In an earlier post today I mentioned the idea of a pretty pocket knife as a kind of men's jewelry, and my grandfather's rule that no man should feel guilty about spending money on something he would own for the rest of his life.
I guess I wear four pieces of jewelry. I wear my wedding ring, which looks like two gold bands joined by a small loop of platinum. I wear my engagement ring on my other hand: a silver ring from the Signals catalog that says "I am my beloved's and my beloved is mine" in Hebrew. I wear a necklace that was a wedding present from my wife. And I almost always carry my fountain pen.
I started carrying a fountain pen in graduate school. I had a green Waterman Phileas. I thought it odd to spend $20 on a pen, but it wrote very nicely, lasted for ten years, and let me use fun colors of ink.
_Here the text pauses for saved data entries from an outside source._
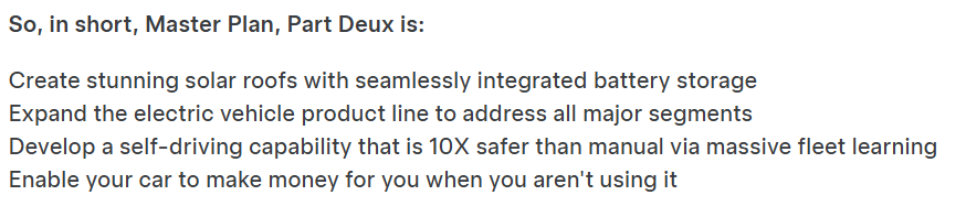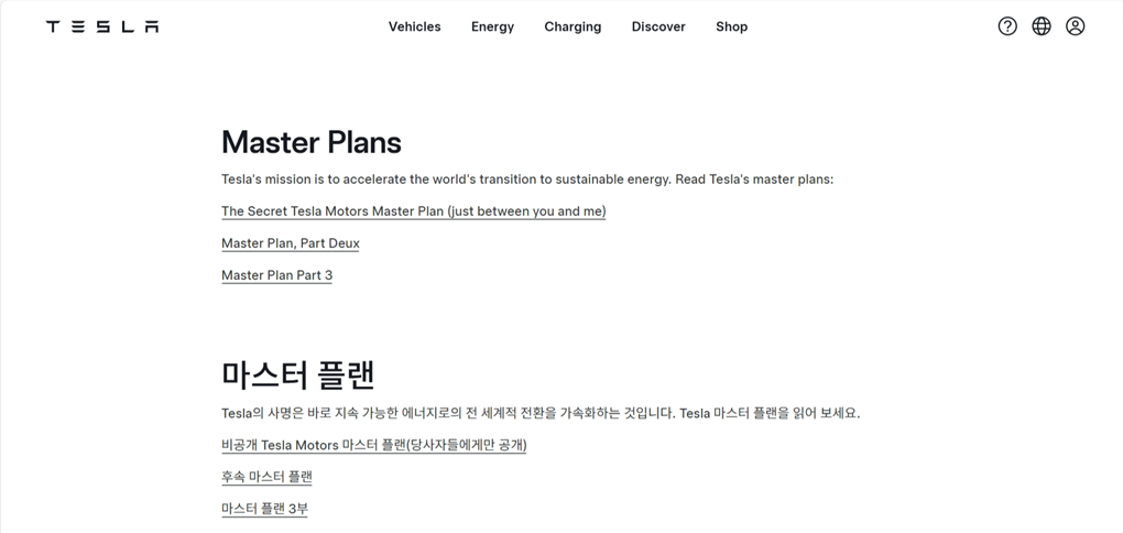 이번에 공개한 마스터 플랜이 Part IV 라는 것은 당연하게도 그 이전의 계획들이 존재하고, 테슬라 웹사이트에 과거의 마스터 플랜 Part I, II, III 가 모두 공개되어 있습니다. (Master Plans | Tesla)
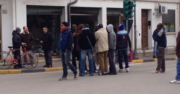 Un momento della protesta dei profughi a Porto Viro di poco tempo fa
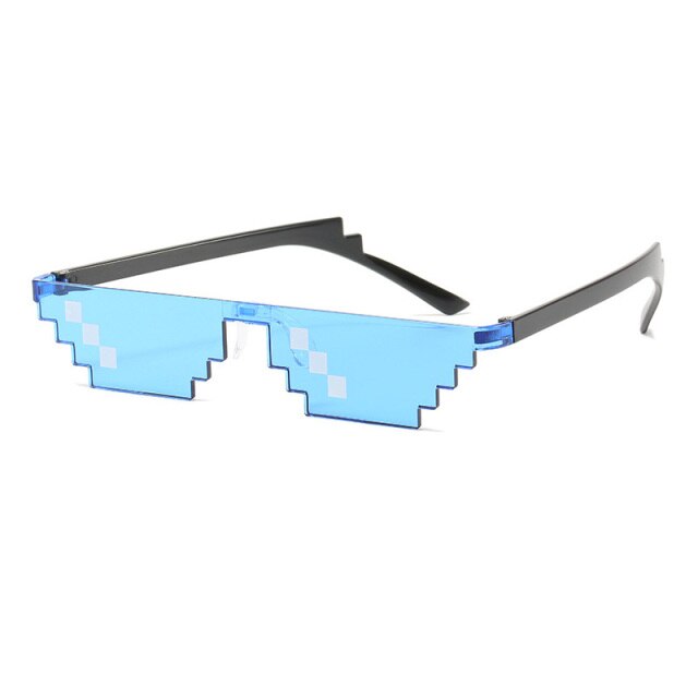 Ces lunettes de soleil Minecraft 6 bits t’aident à te démarquer lors des fêtes et festivals. Également pour les Nerds auto-proclamés, les blogueurs tendance Thug Life et les apprentis-gangsters, les buveurs de boissons énergisantes ou les haters ! Les lunettes sont en plastique, ont des verres bleus et des branches noires. Complète ton look de festival avec ces amusantes lunettes Thug Life !
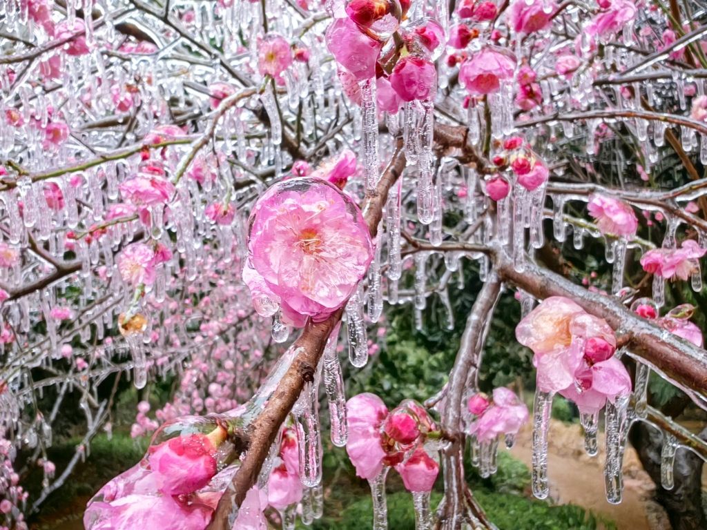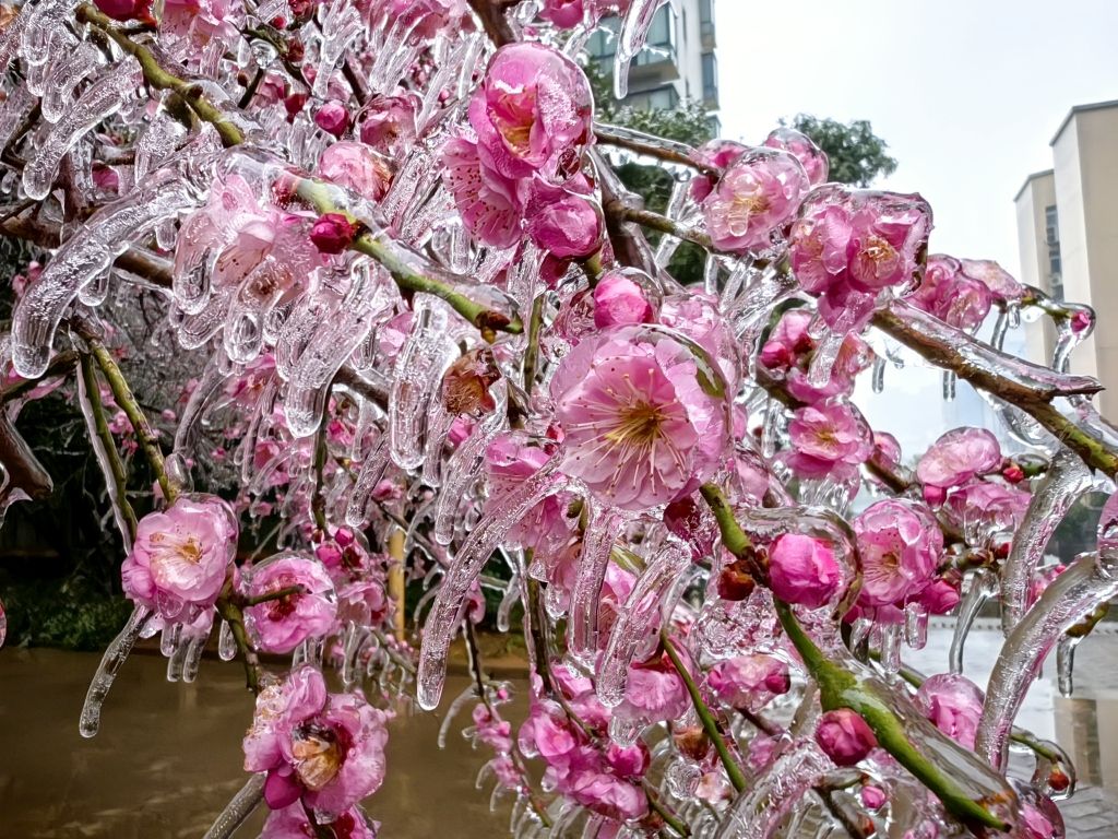 2024年2月7日,长沙,一夜冻雨后,街头梅花结冰。

I learned that if I had an expensive pen I did not lose it. With cheap pens I lost them as often as anyone else.
Eventually, last year, the nib broke and I replaced the pen with a black and gold Namiki Vanishing Point. This is the least expensive gold nib fountain pen, a step up that makes a big difference in how nicely it writes.
Do I write enough that having a gold nib fountain pen is worth the cost? Some days, but not usually. As a pen it's needlessly expensive. But as jewelry its very pretty and not expensive, and men don't get many options for jewelry. Perhaps most importantly, I write more handwritten letters than I otherwise would.